** Opening DATASET SECTION block **
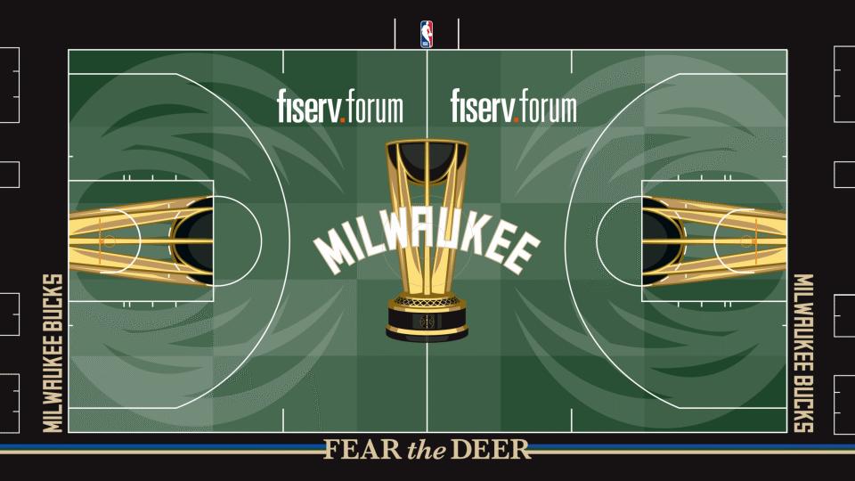 隱藏細節:在密爾瓦基雄鹿隊和洛杉磯湖人隊主場球場中場區,獎盃底座圖案刻有兩隊各自奪得NBA杯的年份。
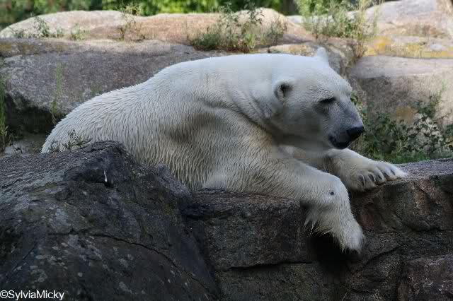 Was der Knut da drüben alles anstellt. Selbst mit nem Kinderschuh spielt der.
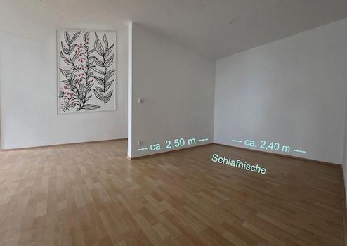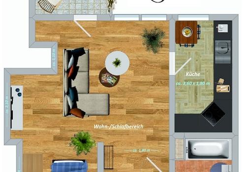 • Das charmant geschnittene Wohnzimmer ist mit der Küche verbunden und führt direkt auf den sonnigen Balkon. Es bietet eine durchdachte Lösung für den Schlafbereich: Eine praktische Nische in der hinteren Ecke ist ideal dimensioniert für die Platzierung eines Bettes und eines Schranks. So wird der komplette Hauptraum optimal zum Wohnen genutzt.
** Closing DATASET SECTION block **
YOUR TASK:
Only the pictures are to be dropped; all other material above must be repeated exactly.

FINISHED EXERCISE:
 隱藏細節:在密爾瓦基雄鹿隊和洛杉磯湖人隊主場球場中場區,獎盃底座圖案刻有兩隊各自奪得NBA杯的年份。
 Was der Knut da drüben alles anstellt. Selbst mit nem Kinderschuh spielt der.
 • Das charmant geschnittene Wohnzimmer ist mit der Küche verbunden und führt direkt auf den sonnigen Balkon. Es bietet eine durchdachte Lösung für den Schlafbereich: Eine praktische Nische in der hinteren Ecke ist ideal dimensioniert für die Platzierung eines Bettes und eines Schranks. So wird der komplette Hauptraum optimal zum Wohnen genutzt.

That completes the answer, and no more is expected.